▸ What you will do: These records contain pictures, which must be left out; copy exactly the lines from the one with "Asse em forma" up to and including the one with "This bingo card".

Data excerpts
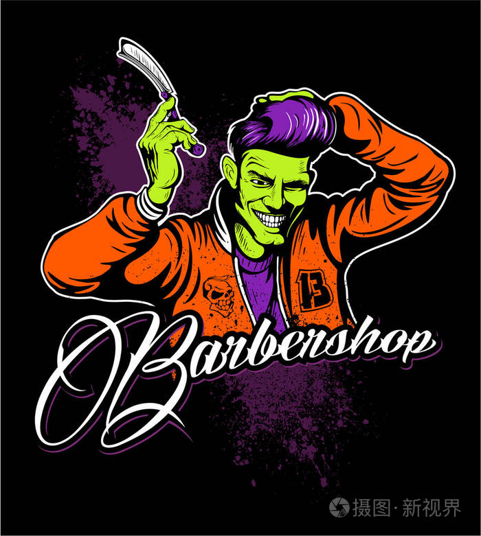 理发理发店漫画风格五十年代复古风格摇滚风格矢量形象
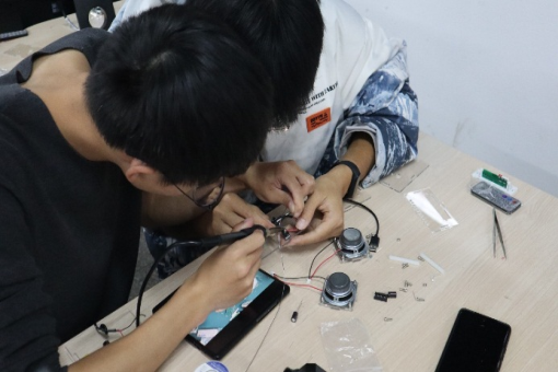 在两个多小时的不懈努力之下,大家成功制作出了一个个蓝牙音箱,并迫不及待的拿出手机打开蓝牙测试它的性能。一时间,实验室响起了阵阵音乐,大家欢快的讨论声此起彼伏。
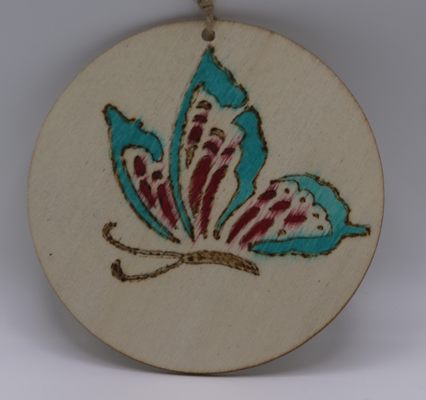 A moth design in pyrography and ink on a plaque
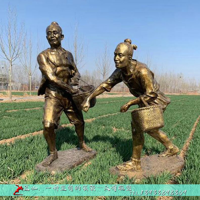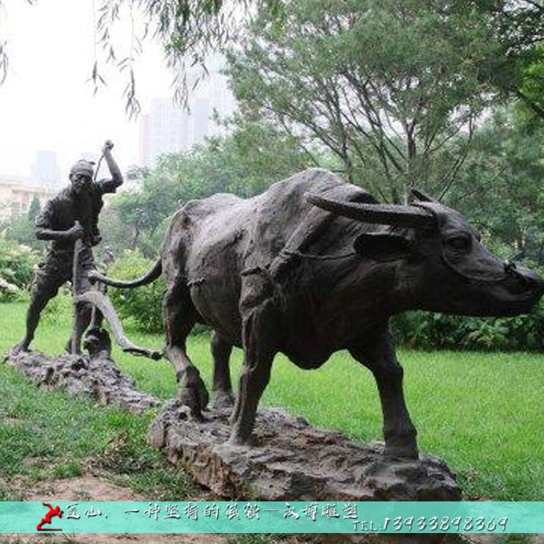 文化仿农耕定制户外耕人物玻璃钢铜小雕塑牛大型铜铸雕塑摆件品
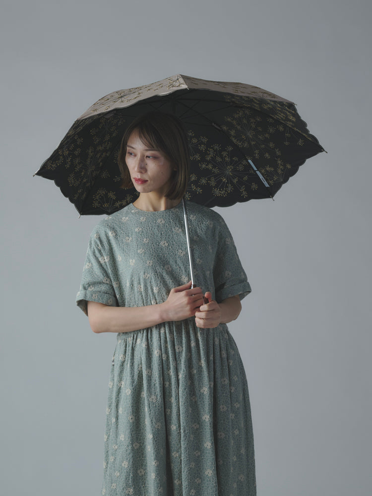 〈一級遮光生地・晴雨兼用〉フェンネル刺繍の日傘 (折りたたみ傘タイプ)(ELS62mini)
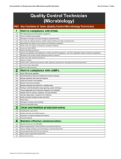 This two page PDF, created by Northeast Biomanufacturing Center and Collaborative, discusses the key functions and tasks of a quality control technician (microbiology). The document focuses mostly on: the work compliance with both EH&S and cGMPS, the cleanliness and maintenance of production areas,...
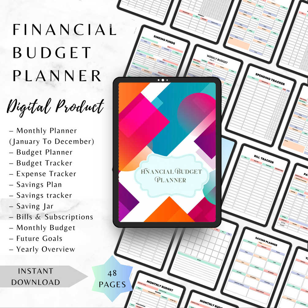 Digital financial budget planner, budget tracker, savings tracker, expense tracker, financial goals planner, debt snowball tracker, monthly budget planner, savings challenges, retirement savings tracker, personal finance organizer, financial planning tools, sinking funds tracker, yearly financial overview, 2025 calendar planner, no spend challenge, paycheck budget tracker.
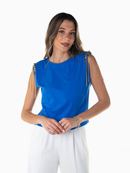 T-shirt manga cava com correntes
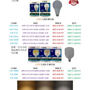4.1.PAGE 95O(E) LSFE LED BULB 15W 18W ES & 28W T-BULB
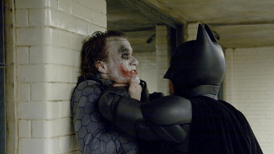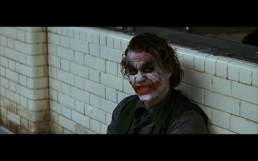 The Joker, for the first time, is genuinely confused. He just can’t fathom that his worldview might be wrong. Batman stops him from blowing up the ships and leaves him dangling in the air. He tells Joker that he’s lost, but Joker counters that once Gotham sees what’s become of their saviour Harvey Dent, they’ll be well on their way to becoming like him. The Joker then muses that he and Batman will never be able to kill each other and that they’re going to be doing this forever.
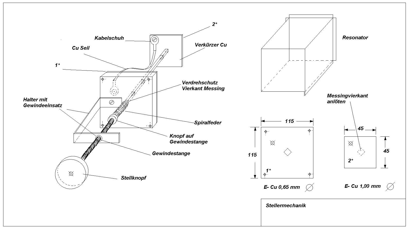 Hier die ersten Planungen. Der Steller ist in seiner hinteren Länge, etwas überdimensioniert dargestellt. Die Spule und die Ein- und Auskopplung kommen auf eine weitere Zeichnung. Achtung Anreißlinien nicht im Innenraum setzen!
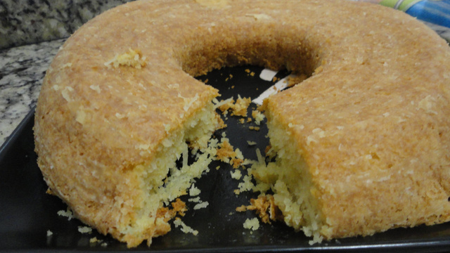 Asse em forma de buraco no meio, untada e enfarinhada, em forno moderado, pré-aquecido, por uns 30 minutos, ou até que enfiando um palito este saia limpo.
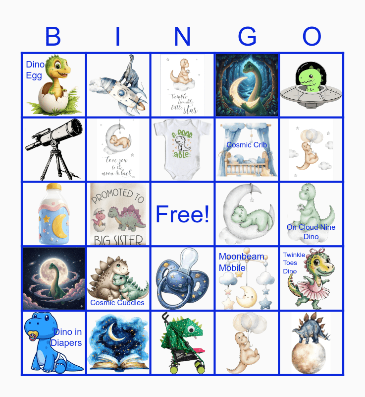 This bingo card has 24 images, a free space and 7 words: Cosmic Cuddles, Dino in Diapers, Dino Egg, Cosmic Crib, Moonbeam Mobile, Twinkle Toes Dino and On Cloud Nine Dino.
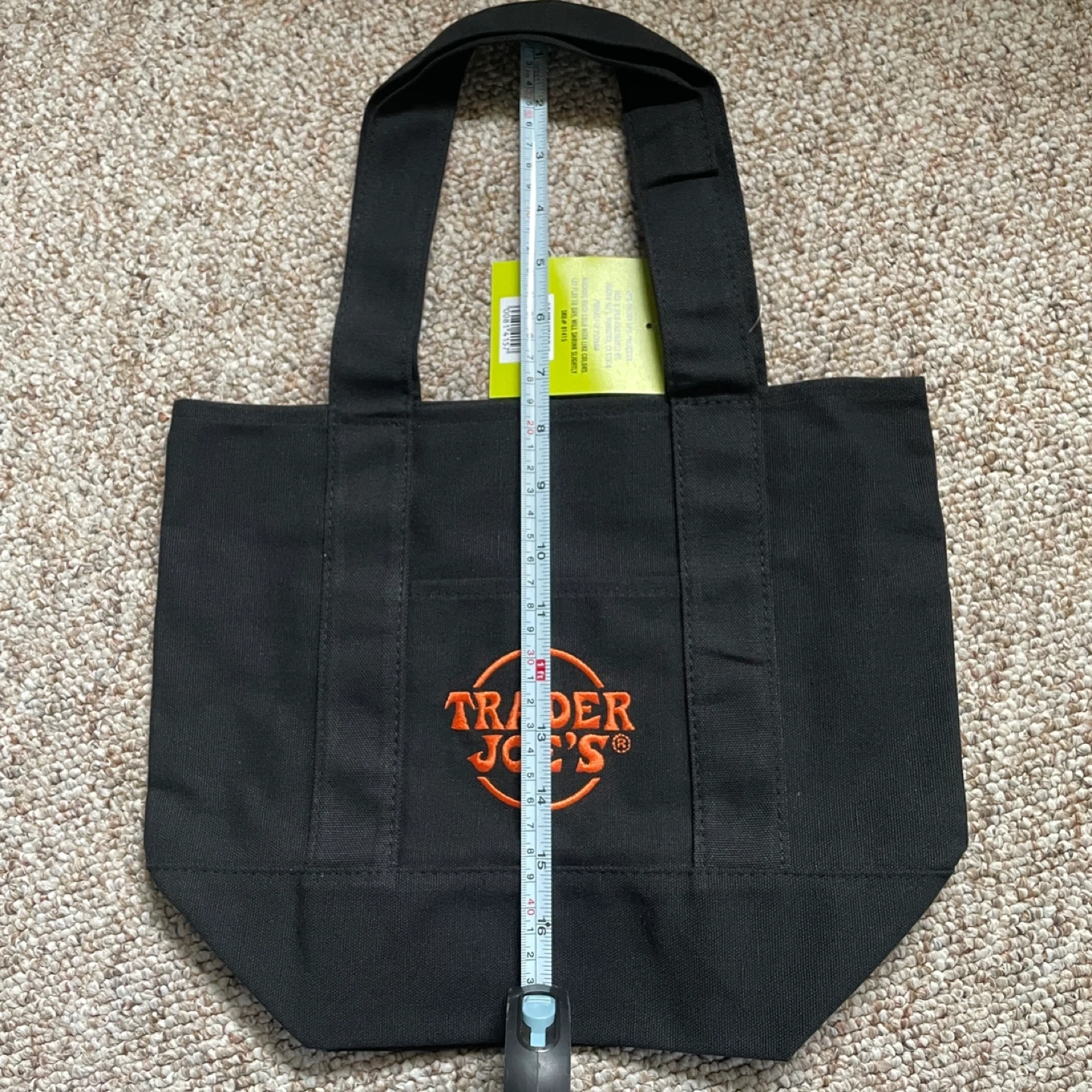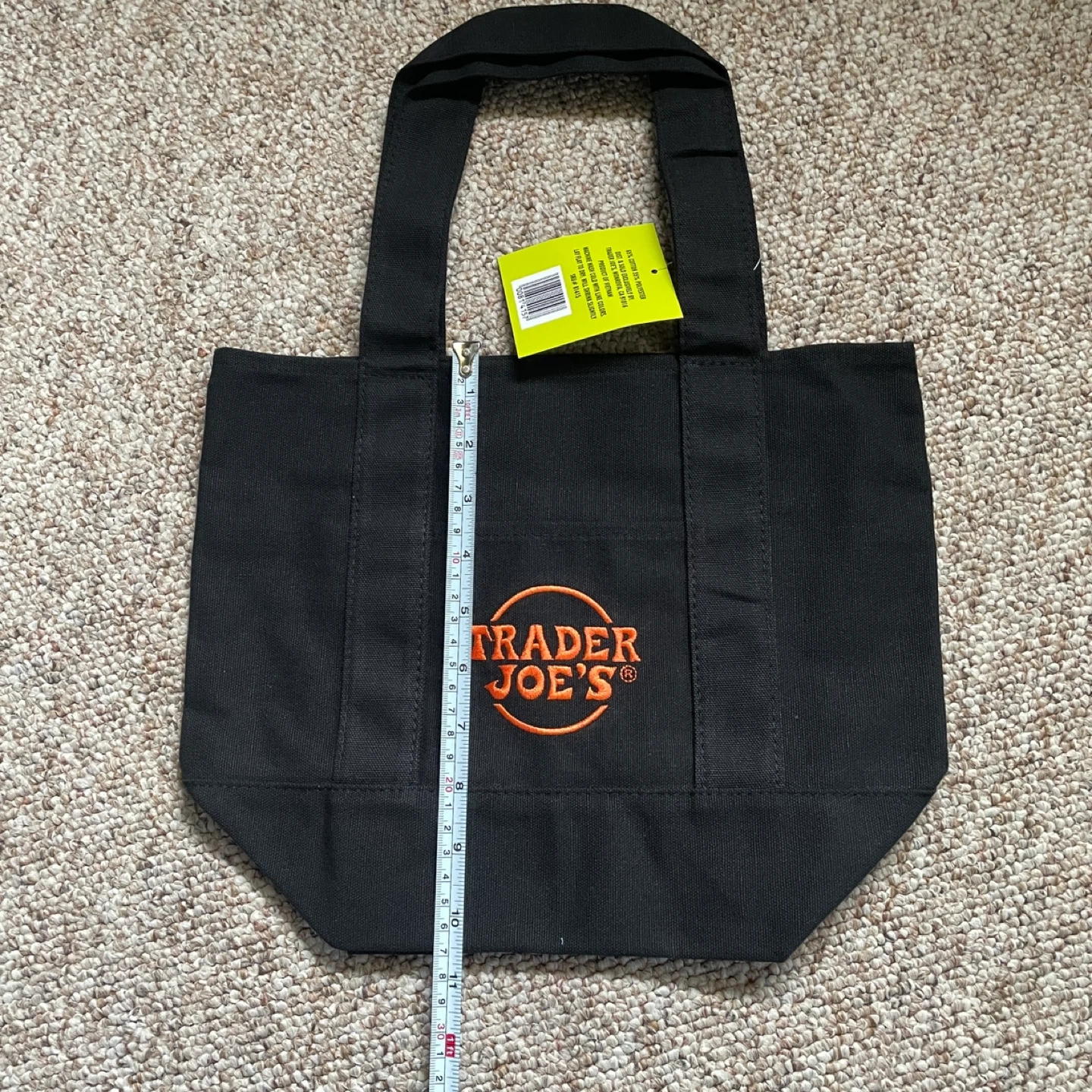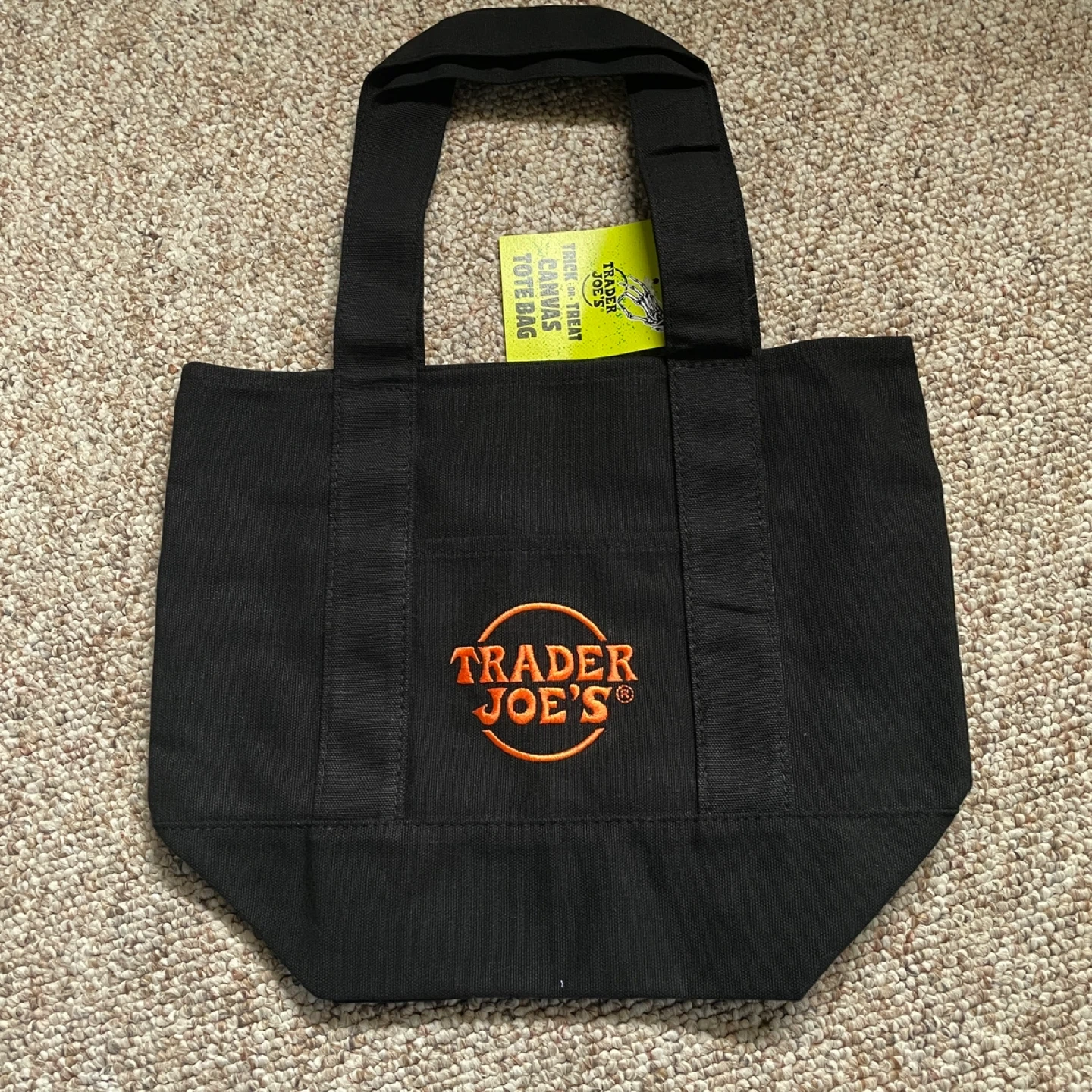 This is a brand new Trader Joe's black canvas tote bag, still with the original tags attached! It features the Trader Joe's logo in orange. It’s a limited Halloween edition.
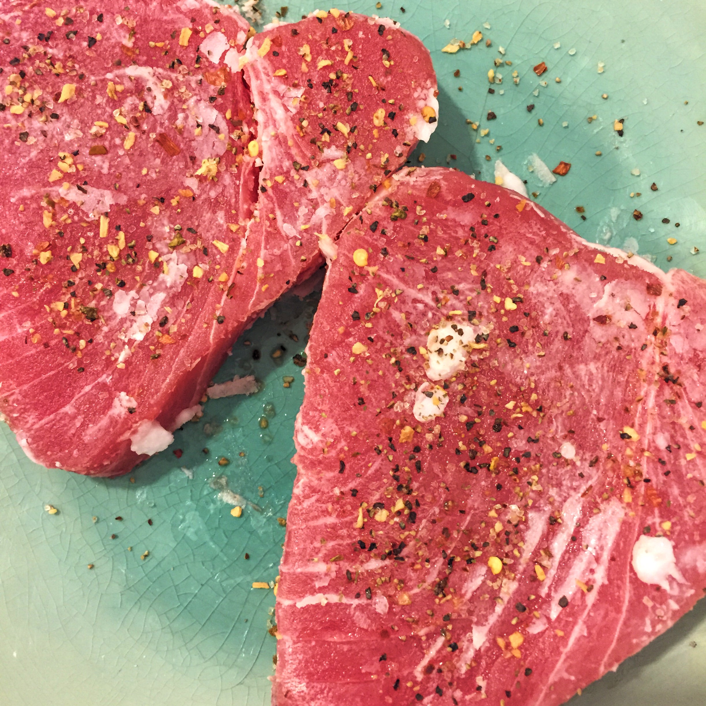 - Prepare the tuna steaks by rubbing the coconut oil on both sides – about 1 Tbs. per steak. Season with salt, pepper, sugar, and any other steak seasoning spices you like. [We used a combination of salt, pepper, garlic and onion powders, sugar, and parsley.]

▸ Answer to the problem:
 Asse em forma de buraco no meio, untada e enfarinhada, em forno moderado, pré-aquecido, por uns 30 minutos, ou até que enfiando um palito este saia limpo.
 This bingo card has 24 images, a free space and 7 words: Cosmic Cuddles, Dino in Diapers, Dino Egg, Cosmic Crib, Moonbeam Mobile, Twinkle Toes Dino and On Cloud Nine Dino.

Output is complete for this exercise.